As I mentioned in the previous answer, all of this happens on macOS, we need metadata after upload to do matching. IT admin could take .app from .dmg and upload to Fleet, which is very easy. The problem is with GitOps workflow, they won't be able to use URLs from vendors that (if they are .dmg files). It would be better if we could support dmg (to have easier GitOps workflow), but it depends if we can do this.

@roperzh Wdyt?

Dec 08 '23 15:12 marko-lisica

If there's way to extract .dmg and get .app from it on the server, maybe that's how it could work.

@marko-lisica let's remember to bring this up w/ engineering folks on our next call.

Dec 12 '23 00:12 noahtalerman

Hey @marko-lisica left some UI feedback for you in Loom here: https://www.loom.com/share/f52089d259d9403a9c7055f3cc55c1a4?sid=1536e398-e616-44ff-934c-b4d77591ce7d

Dropped API feedback in the PR: https://github.com/fleetdm/fleet/pull/15242/files

Dec 12 '23 00:12 noahtalerman

Feedback from Mike:

Skip the "X" and the "Cancel" button because we'll need to add some API for cancel.
No escape key or click outside affordance.
Use native browser onbeforeunload() during upload. Remove this always: after success and failure
2 minutes instead of 4 minutes cut off. Important that it doesn't create a ghost software entry. Nothing gets stored.
Make max upload size smaller. Maybe 200 MB?
- Plan is to later add some config option to alternatively store the packages in a location other than the database (ex. S3). Plan to go to market w/ storage in DB. Let us know if we're wrong.
Does doing the double check mark later add more work?
If we're adding the ability to install software at any time, what do IT admins expect to happen? What's the end user experience if they're using the app?

Dec 13 '23 15:12 noahtalerman

Hey @marko-lisica let's kicking this one to next sprint so we can focus on "upcoming activities" and the smaller stories this sprint.

We'll get to this one next design sprint.

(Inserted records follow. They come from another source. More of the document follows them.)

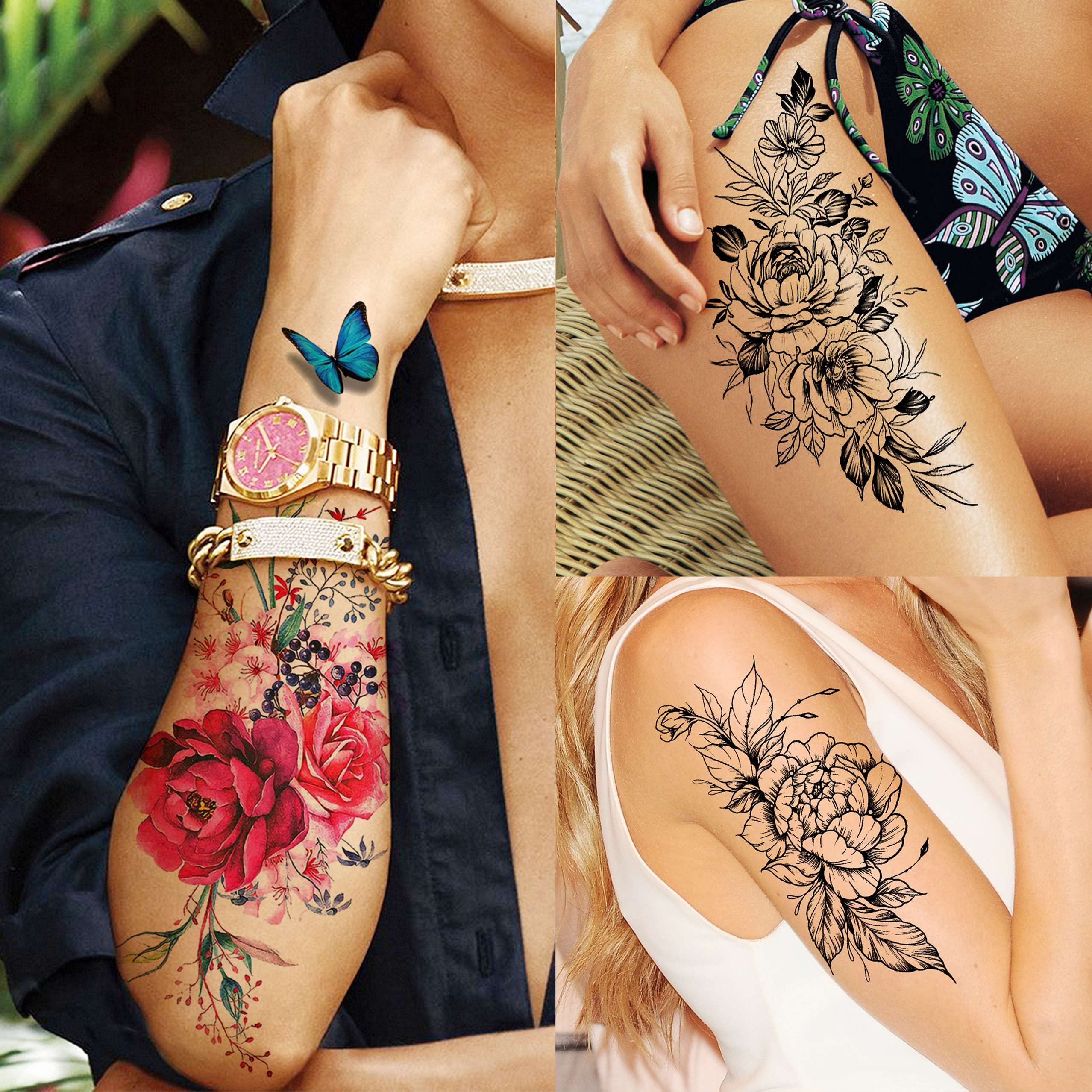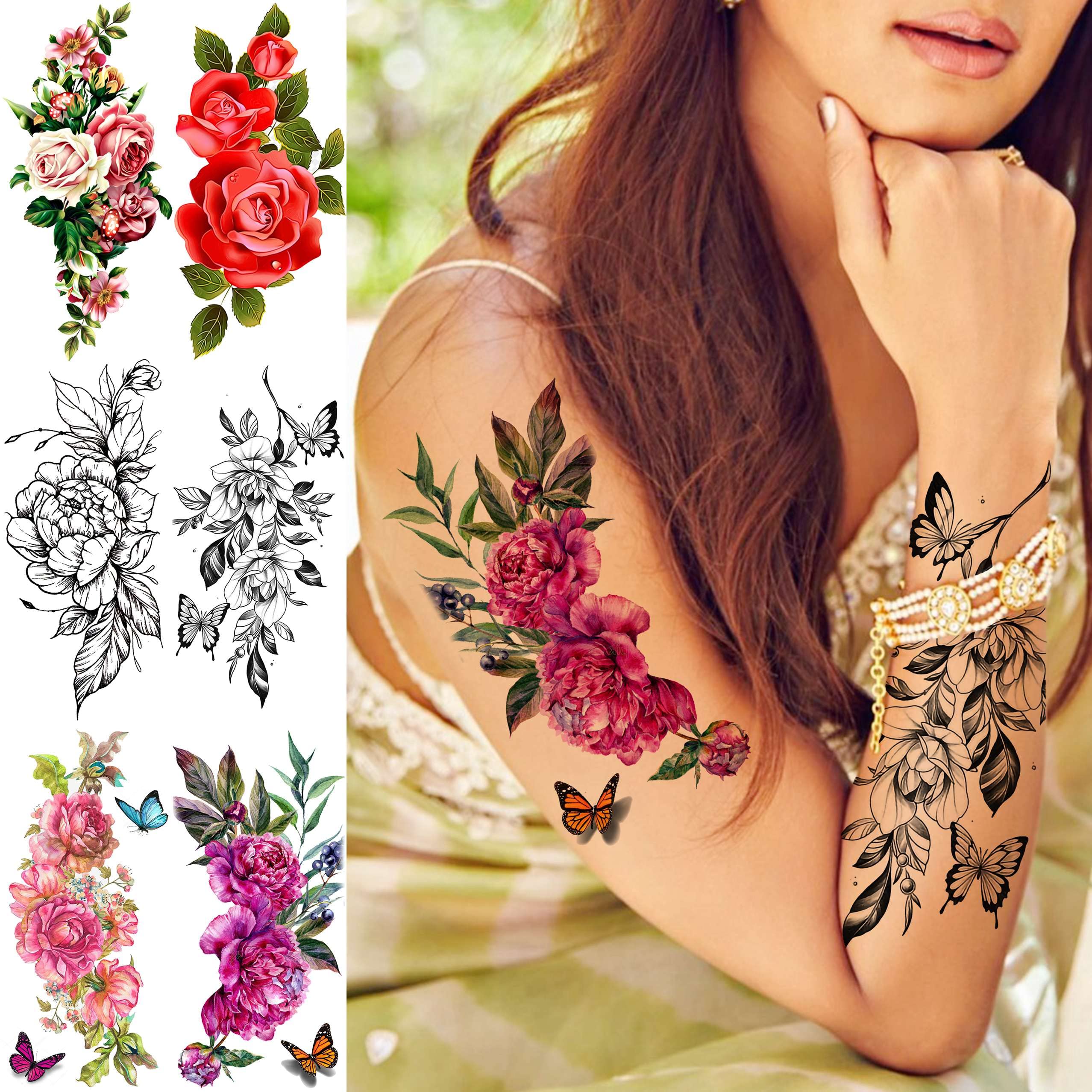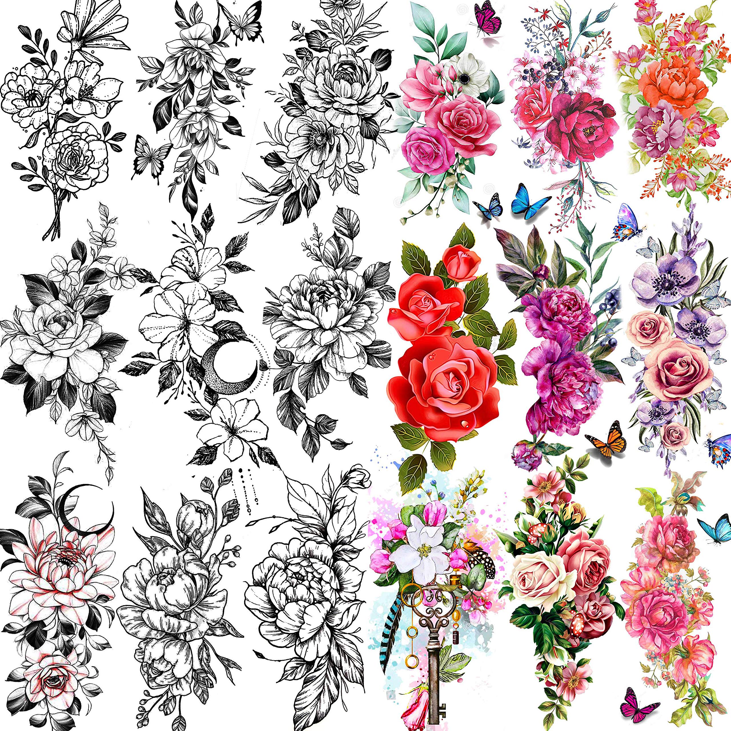 🐳[ALL 18 Sheets Popular Patterns in One Package] - Original Brand of TASROI Sexy Black Rose Flower Temporary Tattoos For Women and Kids Adults. There Are 18 Sheets High Quallity Big Large Temporary Tattoo Stickers In Each Package, Fake Tattoo Temporary Dahlia Peony Tulip Cherry Glory Blossom Moon Carnations Vines Plants Daffodil Leaf Leaves Blooming Butterfly Black Floral Sketch Orchid Temporary Tattoos For Kids Lady Female.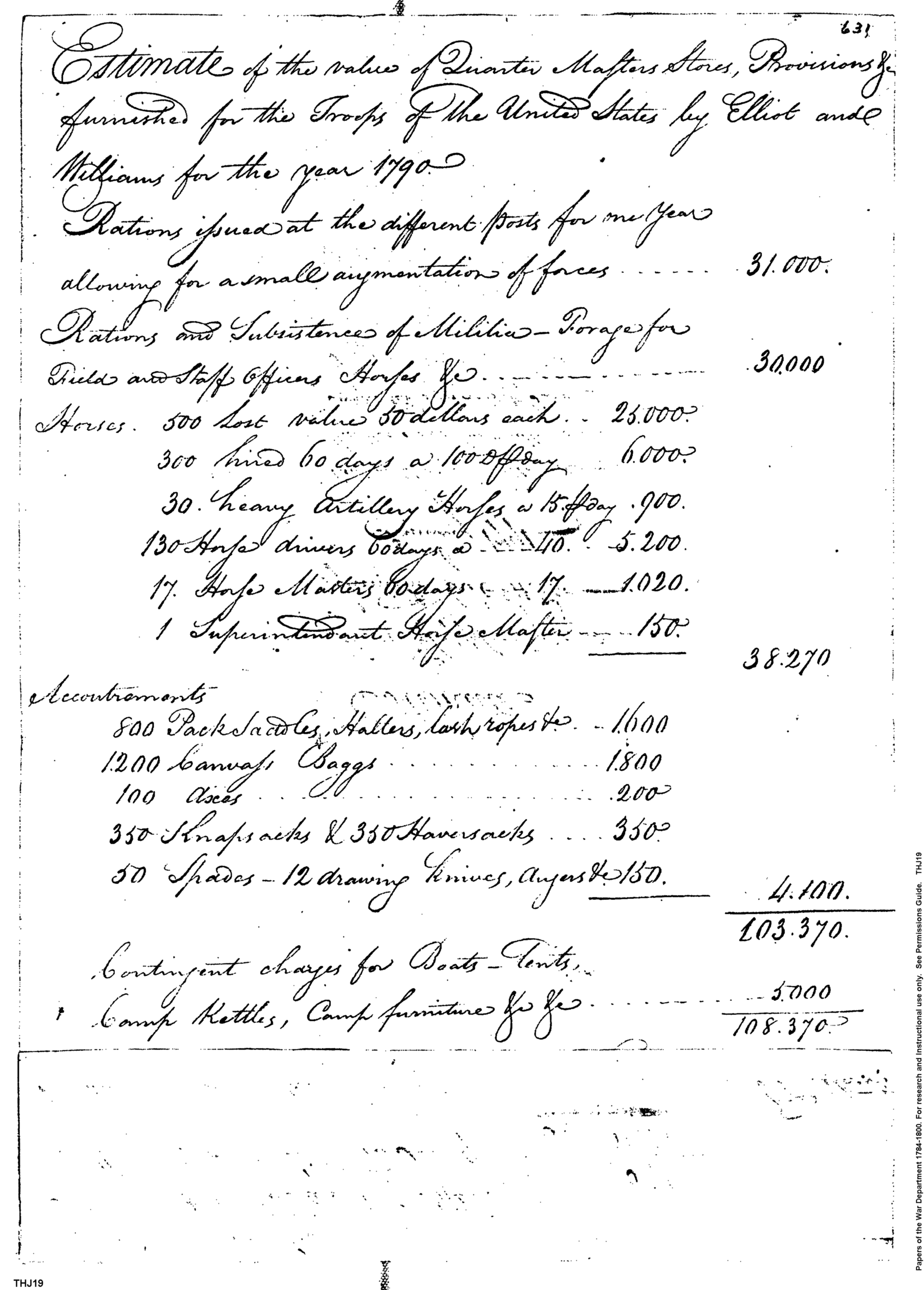 - Document: Estimate of Supplies Furnished by Elliot & Williams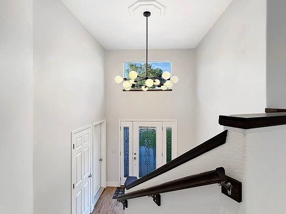 Stately stone entrywayCherry-stained cabinetryWhite quartz countertopsLarge laundry roomTrendy green cabinetryDual sinksModern chandelier
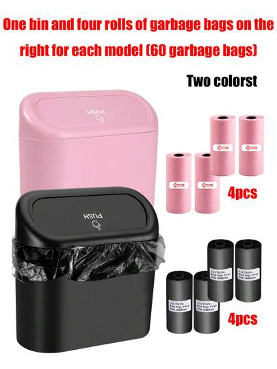 1 Trash Can And 4 Rolls Of Garbage Bags (15 Per Roll, 60 Garbage Bags In Total), Two Colors, Super Cute And Super Practical Car Trash Can And Garbage Bag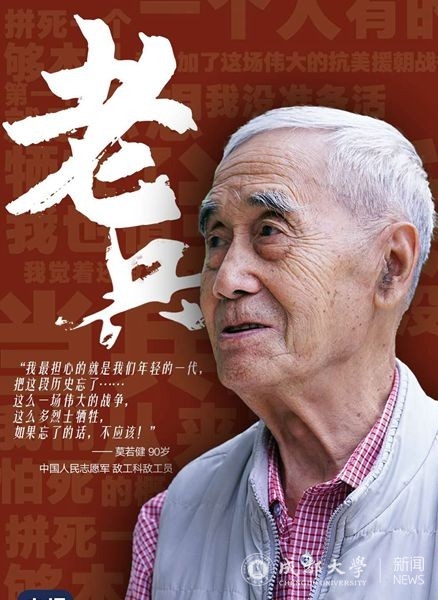 “我最担心的就是我们年轻的一代,把这段历史忘了……这么一场伟大的战争,这么多烈士牺牲,如果忘了的话,不应该!”10月26日,我校退休教师莫若健在央视新闻客户端发布的《抗美援朝70周年特辑》中铿锵有力地说。他是第一批入朝志愿军,从参战开始,他从未与家里联系过,汉城解放后,借由担架队同志回国契机,用纸烟盒写了一封家书,拜托代为寄送。他曾说“抗美援朝是我最大的精神财富”。

Dec 22 '23 20:12 noahtalerman

From design review doc:

DISCUSS: https://github.com/fleetdm/fleet/pull/15242#discussion_r1424133848 What about the download endpoint, it would be GET /software?alt=media (we decided to hide /software, would it conflict if we decide to get metadata of managed software?) DISCUSS Marko: Add teams filter for software version details view. API adjustments The only difference based on the selected team would be hosts_count,vulnerabilities are related only to the version Parameter description? DISCUSS Marko: Add new software title view to My device page. Needs a new API endpoint for My device page. Marko: Public or contributor API? Meeting w/ engineering: Bri: Vulnerable software filter on host details software table George: Filter for managed software on host details Moving icons to the left (status icons for managed software)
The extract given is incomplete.